# [TO DO]
Pictures in the listing below are skipped, while the lines from the "XF-8207D是PP 载体的高浓度(50%)低卤阻燃母粒,主要用于V-2等级的 阻燃PP" line through the "There are so" line are returned word for word.

# [PROVIDED RECORDS]
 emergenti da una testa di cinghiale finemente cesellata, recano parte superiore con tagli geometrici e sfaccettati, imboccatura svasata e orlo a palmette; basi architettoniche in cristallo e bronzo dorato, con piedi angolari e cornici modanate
...
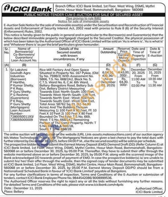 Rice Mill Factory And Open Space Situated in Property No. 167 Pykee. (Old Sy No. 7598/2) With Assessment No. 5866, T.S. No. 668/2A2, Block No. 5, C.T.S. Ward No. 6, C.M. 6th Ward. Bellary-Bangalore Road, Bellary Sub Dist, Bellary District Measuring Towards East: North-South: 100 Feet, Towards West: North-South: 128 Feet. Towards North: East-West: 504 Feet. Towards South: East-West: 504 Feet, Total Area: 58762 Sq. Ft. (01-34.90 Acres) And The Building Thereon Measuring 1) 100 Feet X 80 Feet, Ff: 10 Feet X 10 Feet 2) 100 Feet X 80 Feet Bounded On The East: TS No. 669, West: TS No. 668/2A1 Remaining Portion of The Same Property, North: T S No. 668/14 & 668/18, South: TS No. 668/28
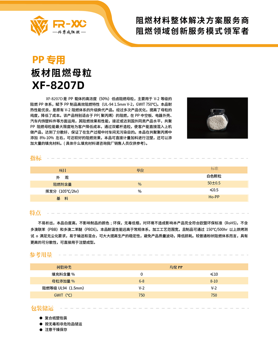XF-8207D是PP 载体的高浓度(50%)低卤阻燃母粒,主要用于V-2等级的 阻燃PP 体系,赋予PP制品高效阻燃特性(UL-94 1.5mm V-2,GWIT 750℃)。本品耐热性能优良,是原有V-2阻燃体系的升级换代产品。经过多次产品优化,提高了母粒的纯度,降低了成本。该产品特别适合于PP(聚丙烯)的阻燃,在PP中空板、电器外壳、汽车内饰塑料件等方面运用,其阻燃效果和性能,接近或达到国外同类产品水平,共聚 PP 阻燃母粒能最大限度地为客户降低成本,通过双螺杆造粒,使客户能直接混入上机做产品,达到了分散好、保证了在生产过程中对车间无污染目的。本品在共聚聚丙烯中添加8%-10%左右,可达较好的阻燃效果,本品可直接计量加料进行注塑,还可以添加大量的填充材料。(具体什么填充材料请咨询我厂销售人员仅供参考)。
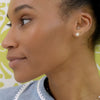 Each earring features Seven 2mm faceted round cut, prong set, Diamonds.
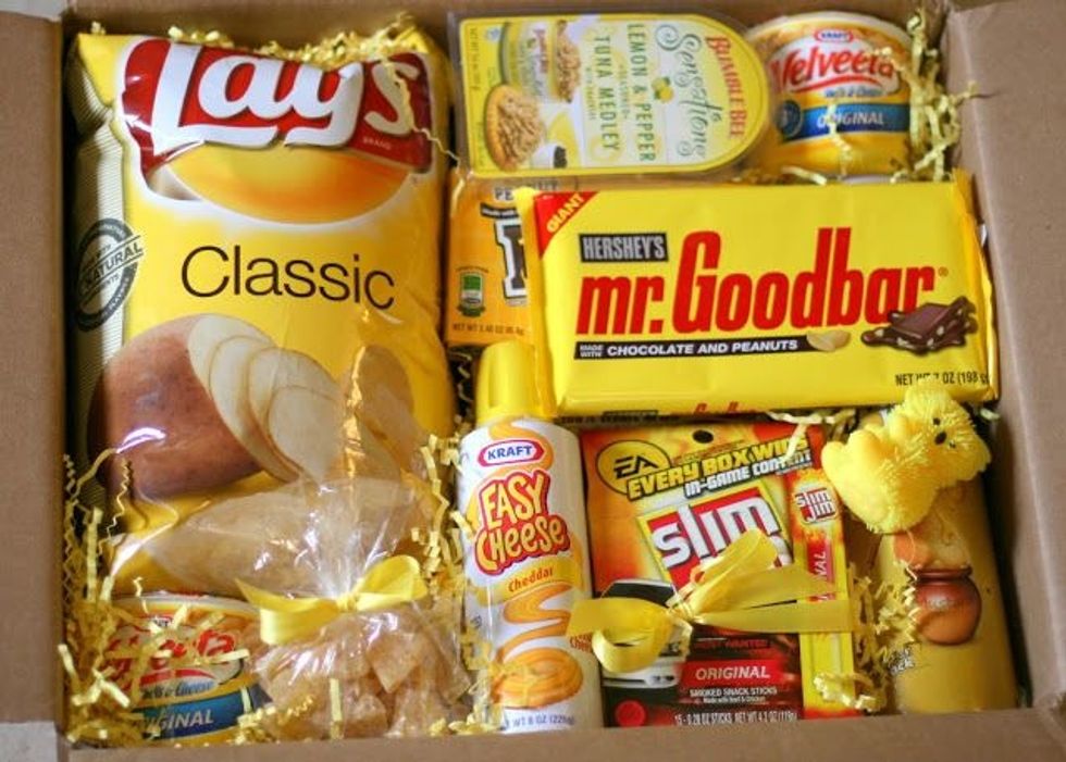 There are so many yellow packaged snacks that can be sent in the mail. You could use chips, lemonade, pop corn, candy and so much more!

# [ANSWER TO THIS EXERCISE]
XF-8207D是PP 载体的高浓度(50%)低卤阻燃母粒,主要用于V-2等级的 阻燃PP 体系,赋予PP制品高效阻燃特性(UL-94 1.5mm V-2,GWIT 750℃)。本品耐热性能优良,是原有V-2阻燃体系的升级换代产品。经过多次产品优化,提高了母粒的纯度,降低了成本。该产品特别适合于PP(聚丙烯)的阻燃,在PP中空板、电器外壳、汽车内饰塑料件等方面运用,其阻燃效果和性能,接近或达到国外同类产品水平,共聚 PP 阻燃母粒能最大限度地为客户降低成本,通过双螺杆造粒,使客户能直接混入上机做产品,达到了分散好、保证了在生产过程中对车间无污染目的。本品在共聚聚丙烯中添加8%-10%左右,可达较好的阻燃效果,本品可直接计量加料进行注塑,还可以添加大量的填充材料。(具体什么填充材料请咨询我厂销售人员仅供参考)。
 Each earring features Seven 2mm faceted round cut, prong set, Diamonds.
 There are so many yellow packaged snacks that can be sent in the mail. You could use chips, lemonade, pop corn, candy and so much more!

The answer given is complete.